# Free arden grange sample?



## Ryan2009 (Jul 3, 2009)

i can remember reading on here that some people e mailed arden grange and asked for a sample and they sent them a free 2.5kg bag so i decided to email them my self as i am considering changing Jacks dry food from JWB. i Emailed them 5 days ago and havnt got a reply does anyone know how long it should take for me to recieve the sample or at least get a e mail back? thanks alot


----------



## Ryan2009 (Jul 3, 2009)

bump  pleaseeee


----------



## Matrix/Logan (May 7, 2009)

Not sure sorry, i know hills give away puppy bags of 1.5kg, and eukanuba give little samples but not heard about arden grange, sorry!!


----------



## LostGirl (Jan 16, 2009)

I phoned them up and asked


----------



## bird (Apr 2, 2009)

Took about a month, but I also got free samples from my vets as they sell arden grange


----------



## mr.stitches (Aug 1, 2008)

Hi

I emailed them about 3 days ago and got a response this morning.

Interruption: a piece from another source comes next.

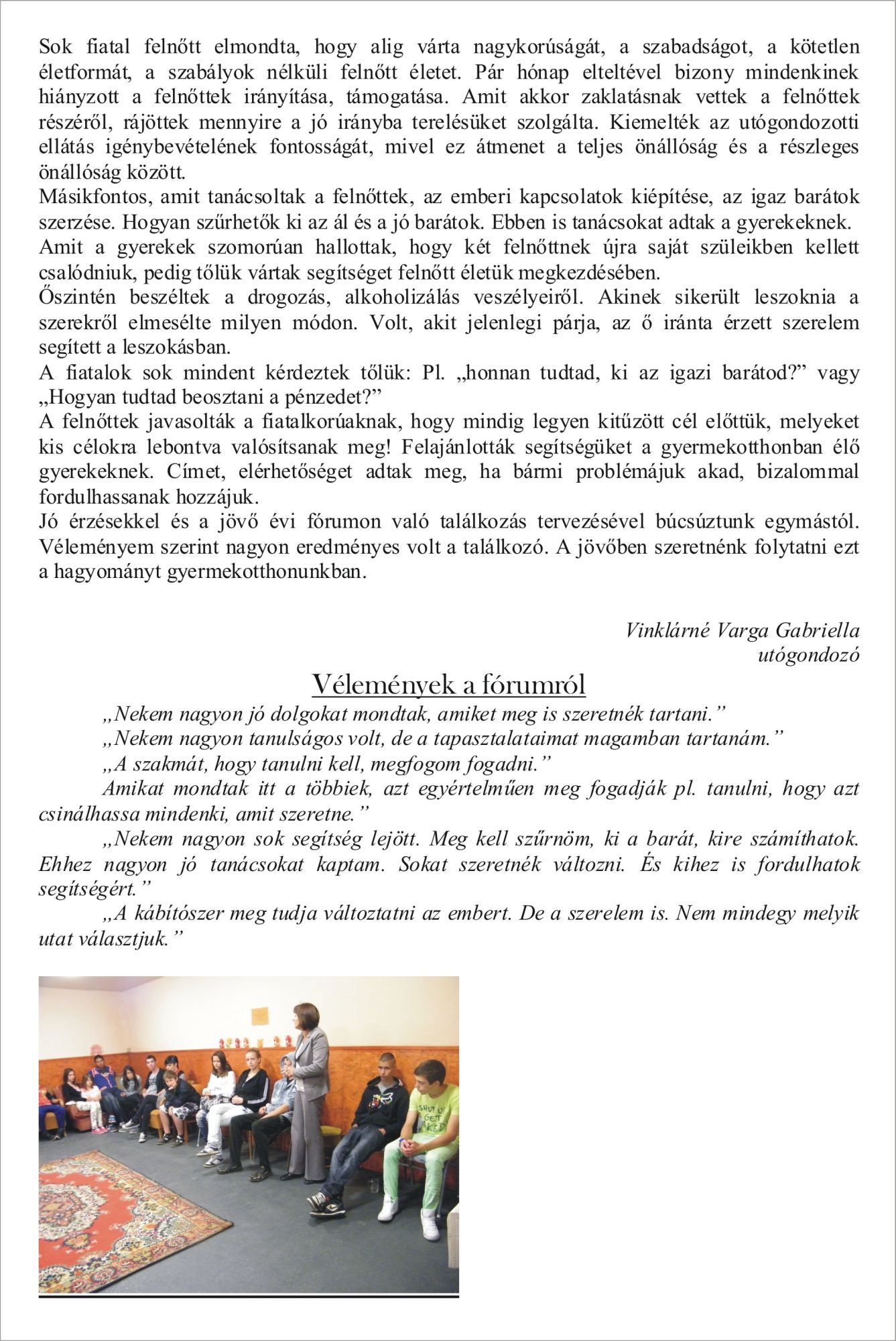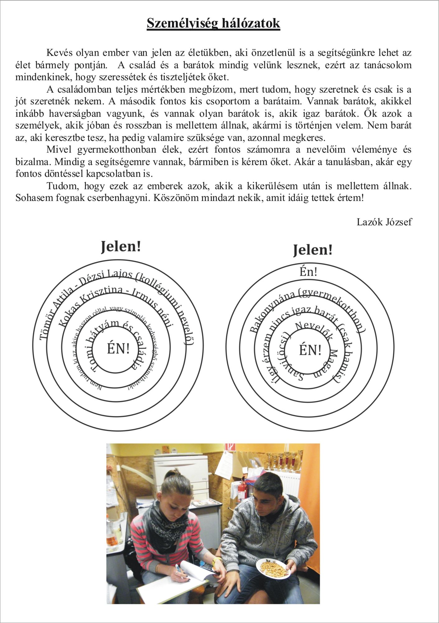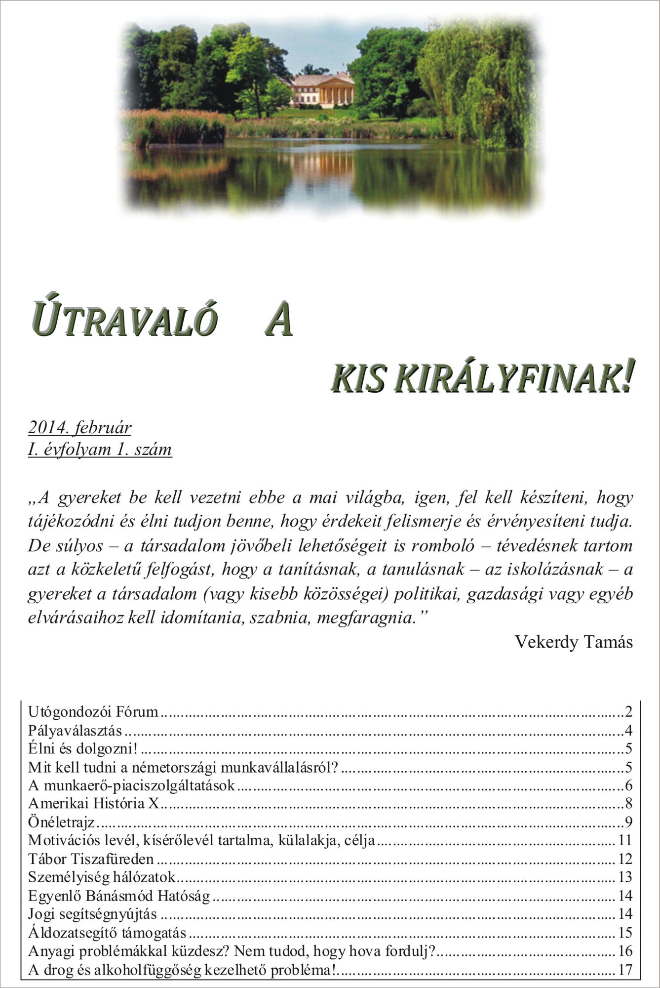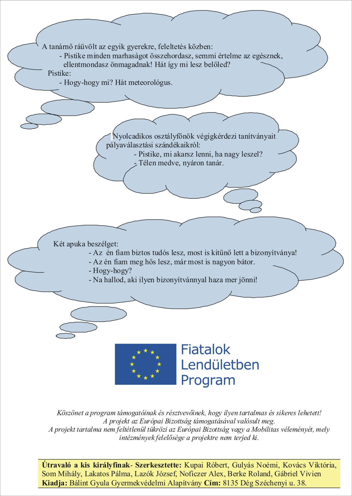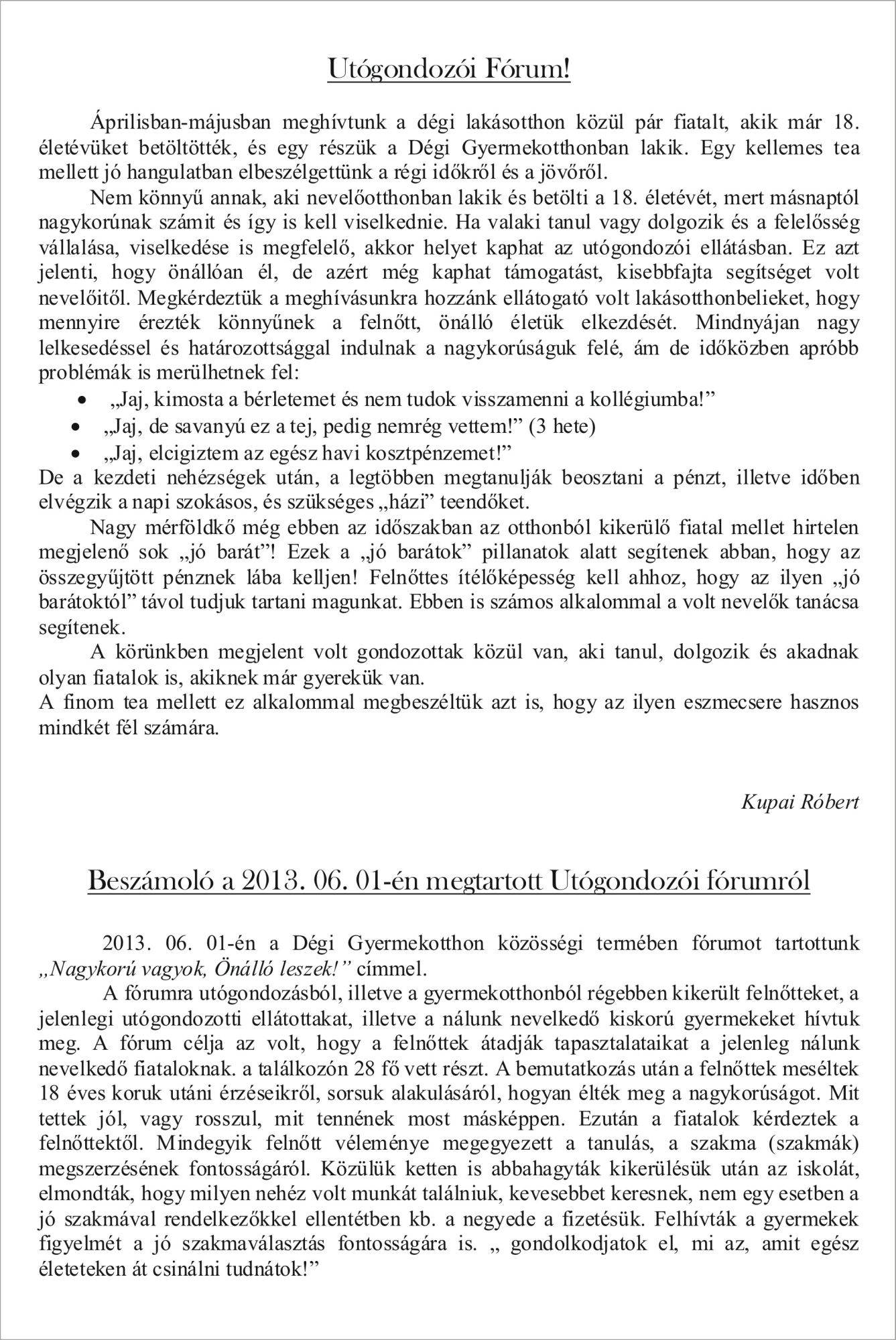 A dégi gyermekotthonban élő fiatalok által kezdeményezett és megvalósított projekt 2013-ban a pályaválasztáshoz, munkavállaláshoz szükséges kompetenciák, ismeretek fejlesztését célozta meg, biztosítva a nagyobb esélyt a munka világában történő majdani elhelyezkedéshez, ezáltal az aktív társadalmi részvételt. Megvalósított tevékenységek: A projekt első harmadában a gyermekotthonból korábban kikerült fiatal felnőttekkel egy információs fórumot szerveztek a fiatalok a tapasztalatok hiteles megosztása érdekében. Ezzel párhuzamosan Film-klub szervezése a projekt teljes szakaszára kiterjedően értékelő beszélgetésekkel összekötve, különböző életutak megismerésével. Majd önmaguk megismerését, céljaik elősegítését segítő joga gyakorlatok elsajátítása következett. Nyáron Tiszafüreden tíz napos tábor keretében a pályaválasztással összefüggő készségfejlesztés majd tapasztalati tanuláson alapuló szabadéri tevékenységek, sportok megismerése következett. (Kenu; gyalogtúrák, kerékpáros túrák, lovaglás.) Szeptembertől mindezt a gyakorlati oldalra átemelve munkák, tevékenységek megismerése történt amelyek alakítják, pontosítják jövőbeli elképzeléseiket. Betekinthettek, tapasztalatot szerezhettek. A projekt utolsó harmadában sor került a személyes életút stratégiák kidolgozására ezzel párhuzamosan a személyes segítő háló felvázolására. A projekt eredményeként elkészítenek egy olyan kiadványt (Útravaló-a kis királyfinak), amely segítséget ad társaiknak a pályaválasztáshoz, életútjuk alakításához.

I sent them my address back and they emailed to say they would pop some samples in the post, not sure how much so il keep you posted!


----------



## Ryan2009 (Jul 3, 2009)

they also emailed me this morning with a very helpful long email to help with jacks loose stools and said they would send me some samples, i think once jack has used all his JWB i am going to swap to AG on the pure fact that the customer service is excellent and how much they care for their customers which is serverly lacked in most of the dog food market, very happy


----------



## mr.stitches (Aug 1, 2008)

we shall have to see who gets their samples quicker!


----------



## Cuddypuppy (Jan 15, 2009)

My local pet shop gave me 4 free sample packs, but I might give Arden Grange a call also.


----------



## Ryan2009 (Jul 3, 2009)

got my samples today 4 x 100gram bags 
still dont know how some people got a 2kg bag though?


----------



## Nonnie (Apr 15, 2009)

Ryan2009 said:


> got my samples today 4 x 100gram bags
> still dont know how some people got a 2kg bag though?


No idea. I got the 2kg sensitive for free. Maybe the lady i spoke to liked me as we have the same breed of dog


----------